INTERNATIONAL PROGRAMME ON CHEMICAL SAFETY
WORLD HEALTH ORGANIZATION
TOXICOLOGICAL EVALUATION OF SOME
FOOD COLOURS, ENZYMES, FLAVOUR
ENHANCERS, THICKENING AGENTS, AND
CERTAIN FOOD ADDITIVES
WHO FOOD ADDITIVES SERIES 6
The evaluations contained in this publication were prepared by the
Joint FAO/WHO Expert Committee on Food Additives which met in Rome,
4-13 June 19741
World Health Organization Geneva 1975
1 Eighteenth Report of the Joint FAO/WHO Expert Committee on
Food Additives, Wld Hlth Org. techn. Rep. Ser., 1974, No. 557.

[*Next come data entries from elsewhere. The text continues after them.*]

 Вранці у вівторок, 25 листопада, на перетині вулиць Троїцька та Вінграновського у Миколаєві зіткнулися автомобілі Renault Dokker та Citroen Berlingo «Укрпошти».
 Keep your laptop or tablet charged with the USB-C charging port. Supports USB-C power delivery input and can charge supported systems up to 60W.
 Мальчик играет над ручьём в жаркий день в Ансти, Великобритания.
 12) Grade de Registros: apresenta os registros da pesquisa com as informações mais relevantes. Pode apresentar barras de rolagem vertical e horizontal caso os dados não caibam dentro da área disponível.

FAO Nutrition Meetings Report Series, 1974, No. 54.
ETHYLMALTOL
Explanation
This compound has been evaluated for acceptable daily intake by
the Joint FAO/WHO Expert Committee on Food Additives (see Annex 1,
Ref. No. 22) in 1970. No toxicological monograph has been published at
that time.
In the Fourteenth Report1 it was noted that ethylmaltol is
intended as an alternative to its homologue, meltol. Data were
sufficient to assign an acceptable daily intake of 0-2 mg/kg bw.
BIOLOGICAL DATA
BIOCHEMICAL ASPECTS
Orally administered ethylmaltol is almost completely absorbed
from the gut. 65-70% appears in the urine as glucuronide/or sulfate
within two hours. None was detected in the faeces (Gralla et al.,
1969). Following oral (200 mg/kg) and i.v. (10 mg/kg) administration
to dogs showed that orally given ethylmaltol is rapidly and
extensively absorbed from the gut. 65-70% are excreted in the
urine as sulfate and glucuronide after oral and 30-96% after i.v.

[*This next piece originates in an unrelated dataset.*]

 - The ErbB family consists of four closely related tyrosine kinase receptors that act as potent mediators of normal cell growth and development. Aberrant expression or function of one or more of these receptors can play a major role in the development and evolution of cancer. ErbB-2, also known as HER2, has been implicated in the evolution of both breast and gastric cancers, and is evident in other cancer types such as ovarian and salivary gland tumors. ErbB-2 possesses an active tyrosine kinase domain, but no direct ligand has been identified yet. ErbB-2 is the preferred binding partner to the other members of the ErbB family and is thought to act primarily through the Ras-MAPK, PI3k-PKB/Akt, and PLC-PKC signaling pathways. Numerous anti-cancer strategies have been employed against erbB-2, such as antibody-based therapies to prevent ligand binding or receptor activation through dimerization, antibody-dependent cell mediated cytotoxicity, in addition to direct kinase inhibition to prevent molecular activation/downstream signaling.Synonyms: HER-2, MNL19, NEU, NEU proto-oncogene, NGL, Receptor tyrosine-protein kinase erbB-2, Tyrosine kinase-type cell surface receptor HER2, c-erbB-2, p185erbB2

administration. Faecal excretion varied from 0.3-4% (Rennhard).
TOXICOLOGICAL STUDIES
Special studies on reproduction
Rat
Four groups of 20 rats given 0, 50, 100 and 200 mg/kg bw/day were
mated after 90 days feeding for 18 days and allowed to produce a first
litter. After a rest period they were mated again for 18 days and
produced a second litter. No difference was seen between controls and
test animals as regards conception, litter size, survival of pups,
weight at weaning and teratology at 21 days of age (Gralla et al.,
1969).
1 Wld Hlth Org. techn. Rep. Ser., 1971, No. 462
Acute toxicity
LD50
Animal Route (mg/kg bw) References
Mouse Oral 780 Gralla et al., 1969
Rat Oral 1150 Gralla et al., 1969
Chick Oral 1270 Gralla et al., 1969
Short-term studies
Rat
Four groups of 10 male and 10 female rats were fed for 90 days on
diets containing 0, 250, 500 or 1000 mg/kg bw of ethylmaltol. No
abnormalities were detected with regard to survival, growth, organ
weight, haematology, urinalysis, gross- and histopathology with the
exception of some anaemia and icterus at the 250 mg/kg dose level.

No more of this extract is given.